Doch gibt es nicht nur eine Virtual Reality, sondern auch eine Mischung aus physischer und virtueller Welt, eine sogenannte Mixed Reality. Es handelt sich dabei definitionsgemäß um eine Mischung aus einer rein virtuellen Erweiterung der echten Welt und einer vollständig virtuell erzeugten. Diese Mixed Reality ist im Gegensatz zur Virtuellen Realität weniger energieintensiv, erweitert aber die Natur beträchtlich. Mit Locandy gibt es schon einen FFG-geförderten Mixed-Reality-Player made in Tirol.
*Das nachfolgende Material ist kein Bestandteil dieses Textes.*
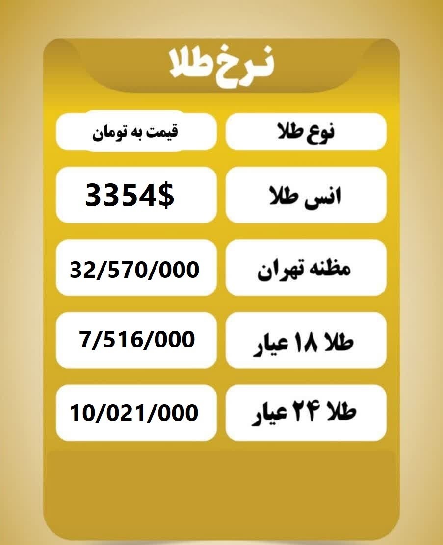 قیمت طلا امروز توسط اتحادیه صنف فروشندگان و سازندگان طلا، جواهر، نقره و سکه تهران اعلام شد. به گزارش فراسو، اتحادیه صنف فروشندگان و سازندگان طلا، جواهر، نقره و سکه تهران، قیمت طلا امرو ز- دوشنبه سیزدهم مرداد - را تا این ساعت به شرح زیر اعلام کرد:

In der aktuellen Forschung geht man sogar davon aus, dass Mixed Reality sich besser zur Informationsvermittlung eignen könnte als selbst perfekt umgesetzte Virtuelle Realität. „Nur weil eine Illusion perfekt ist, muss das nicht heißen, dass sie zur Vermittlung von Information geeignet ist“, sagt Schwerte.
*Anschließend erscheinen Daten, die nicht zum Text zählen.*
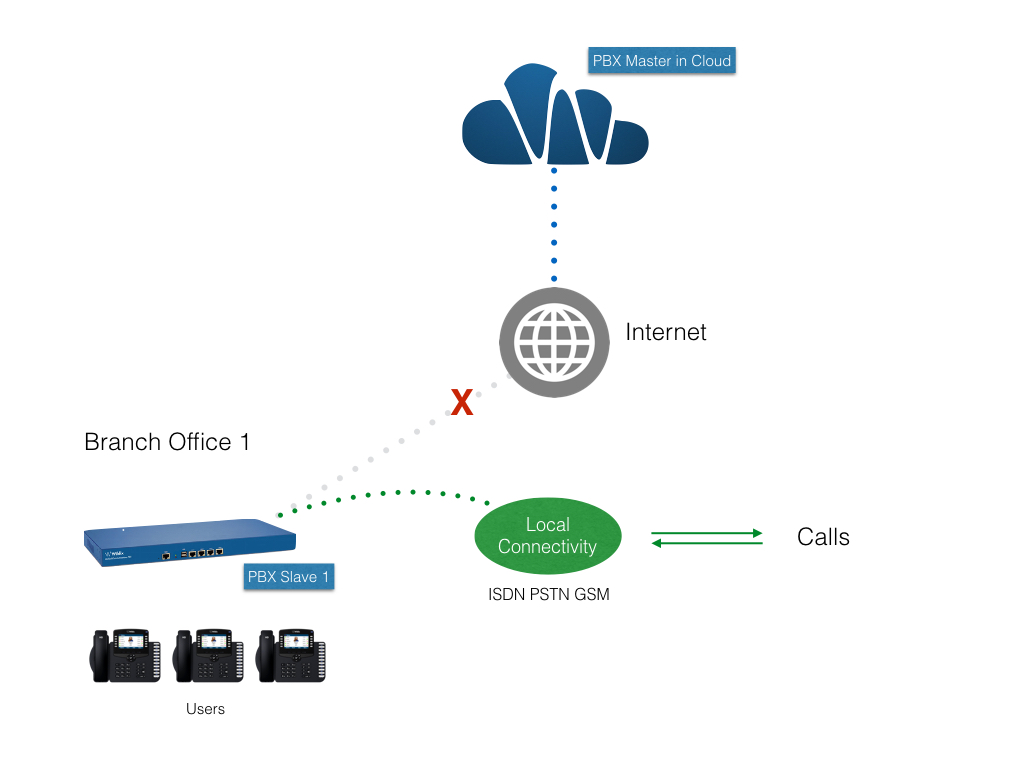 En caso de problemas de acceso a Internet, el PBX Client continúa funcionando correctamente para todos los usuarios de la sede y garantiza la continuidad del servicio de las comunicaciones, desviando las llamadas gracias a la conexión local (líneas telefónicas ISDN, analógicas o red GSM).

IN DER NATUR GEHT NICHTS VERLOREN

Effizienz gehört zu den Grundprinzipien der Bionik, die bemüht ist, das Maximum aus möglichst geringem Ressourcen- bzw. Energieeinsatz herauszuholen. Nichts anderes geschieht in der Natur. In der Natur geht nichts verloren, alles wird wiederverwertet. Ein solcher Zugang stünde einer Menschheit, die die Erde seit vielen Jahrzehnten chronisch übernutzt, gut an. „Empathie gegenüber der Natur müssen wir uns kollektiv aber erst wieder bewusst machen“, meint der Wissenschaftler. Es scheint plausibel, dass diese Empathie sukzessive verloren gegangen ist, weil der Mensch der Erde seinen Stempel aufgedrückt und sich dabei von der Natur entfremdet hat und mit der fossilen Energie, die es scheinbar im Überfluss zu geben schien, bis heute relativ verschwenderisch umgeht.
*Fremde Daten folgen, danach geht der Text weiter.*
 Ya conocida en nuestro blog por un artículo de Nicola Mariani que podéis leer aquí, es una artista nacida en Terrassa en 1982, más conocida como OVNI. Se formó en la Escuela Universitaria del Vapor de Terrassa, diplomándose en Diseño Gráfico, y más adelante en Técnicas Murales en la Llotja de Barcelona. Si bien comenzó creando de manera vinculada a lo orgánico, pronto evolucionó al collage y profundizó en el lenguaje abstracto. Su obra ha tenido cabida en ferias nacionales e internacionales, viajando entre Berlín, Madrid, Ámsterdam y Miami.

Die Klage über den bevorstehenden Untergang des Abendlandes ist freilich so alt wie dieses selbst. Es deutet aber tatsächlich einiges darauf hin, dass die Erdbeziehung des Menschen schon in naher Zukunft grundlegend neu verhandelt werden muss. Die Bionik bzw. Bioinspiration kann dabei behilflich sein, auf Grundlage der Natur zu selbiger zurückzufinden.